Diretor da MTV, Zico Góes comenta as demissões do canal, que segue no ar: 'Ainda estamos aqui' - Jornal O Globo

8 mm –  Se você pensar assim, a gente vai achar que Netflix vai acabar com a Globo.

Zico – Não sei se vai acabar mesmo, porque a Netflix se propõe a ser um streaming de ficção, a grosso modo, e de reality. Talvez, o que vai acontecer com essa emissora e outras é virar uma Netflix, como a Globoplay, e a TV paga vai acabar. Acho que vai ter os streamings, como Globoplay, Netflix e Disney+, e a TV aberta, que disponibiliza o que streaming não dá: o ao vivo.

8 mm –  Ainda tem um público que não consome streaming e que dá dinheiro pra Globo, SBT, Record. Eles ainda têm muitos anos sem precisar se preocupar com isso.

Zico – Eu também acho. Vai ser difícil a Netflix acabar com isso porque, bem ou mal, a televisão aberta, do jeito que a gente conhece, é um conforto para as pessoas. Se você gosta de um canal, você assiste e não se importa muito com o que está passando. Não tem que ficar indo atrás “que série que tá tendo aqui?”. Você liga a TV e se encosta no sofá. Isso eu acho que não vai acabar.

8 mm –  Até em termos de notícias, não precisamos ficar procurando: “vou assistir aqui o jornal que, em uma hora, ele me dá tudo mastigado e pronto”.

Zico – Não é só porque as pessoas não têm acesso à tecnologia, mas, sim, porque querem coisas simples. Eu não quero ficar procurando nada, quero que ligue e aconteça alguma coisa que eu não estava esperando.

8 mm –  Eu não sei se você também tem essa percepção, nós percebemos que, primeiro, são muitos anos ainda até a TV aberta perder seu público, mas uma emissora grande, por exemplo, como a Globo, está muito antenada com o mercado, né?

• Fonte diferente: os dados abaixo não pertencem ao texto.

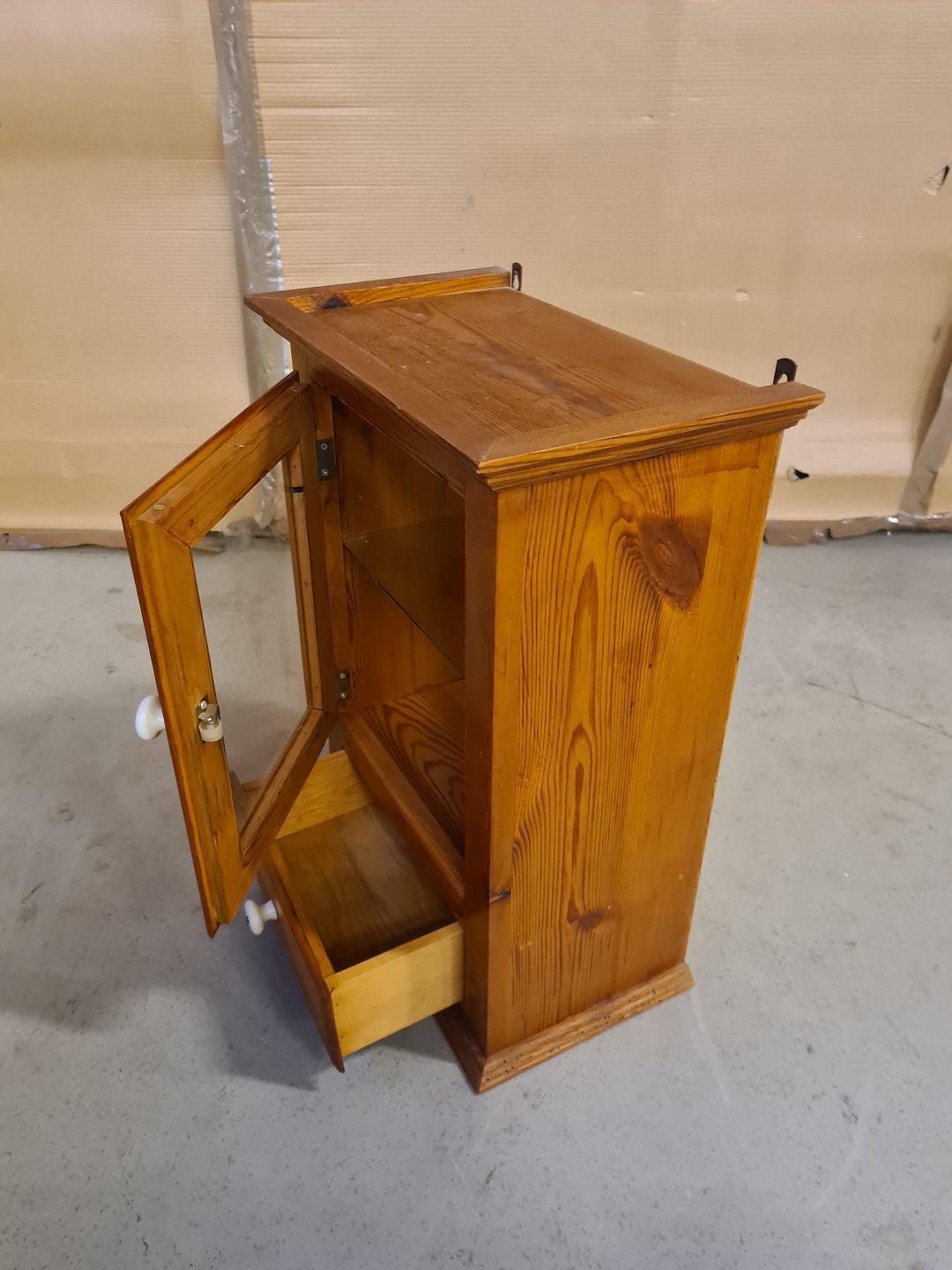 Vægskab i massivt fyrretræ med glashylde og skuffe, fra 1970erne.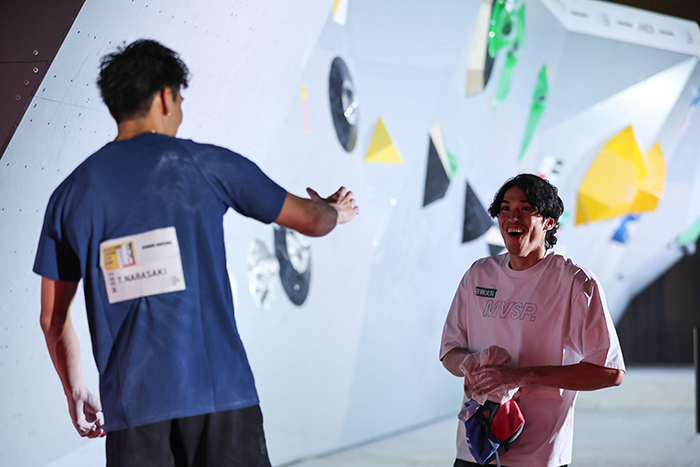 安楽が第3課題で無得点に終わったことで俄然、楢崎明智が有利となる。最終課題は高負荷の超難関。体力及ばず落下する選手が続出した。ゾーンに達すれば優勝の楢崎明智は1トライ目でその10点を獲得。攻略には至らなかったが、競技終了後には兄の智亜が出迎えて弟の優勝を祝福した。

Zico – Embora ela siga aquela coisa “tradicionalzinha”, a mesma novela das 6 há 40, 50 anos, ainda está muito antenada com o mercado. Então, imagino que, ao longo dos anos, na hora que precisar se reinventar, ela vai. Até porque ela tem o que a gente fala que é o problema para qualquer coisa no audiovisual: a Globo tem dinheiro, né? Trabalhei na Globosat por um ano, no GNT, e era evidente o quanto a emissora investe nela mesma e nas pessoas que trabalham com ela, realmente se preparando para algum momento aí que, quando chega, estão preparados. Aí podem falar “ah mas demoraram demais”, mas eles se preparam mesmo e, quando entram, arrebentam!

8 mm – Quem tem 30 ou 40 anos pensa que estão demorando, mas quem tem 60 anos já diz que a novela “já não é tão boa quanto antigamente” ou que está faltando mais programas de gastronomia com a Ana Maria Braga. Eles conhecem um público que não querem abandonar.

Zico – Exatamente. Tanto que, para aquele mesmo público que assiste o Masterchef, um produto de TV paga que se mostrou sendo de boa audiência, a Globo foi atrás e fez um programa parecido agora. Então, também começa a olhar outros lugares e a fazer ou imitar outros formatos. A Globo é foda!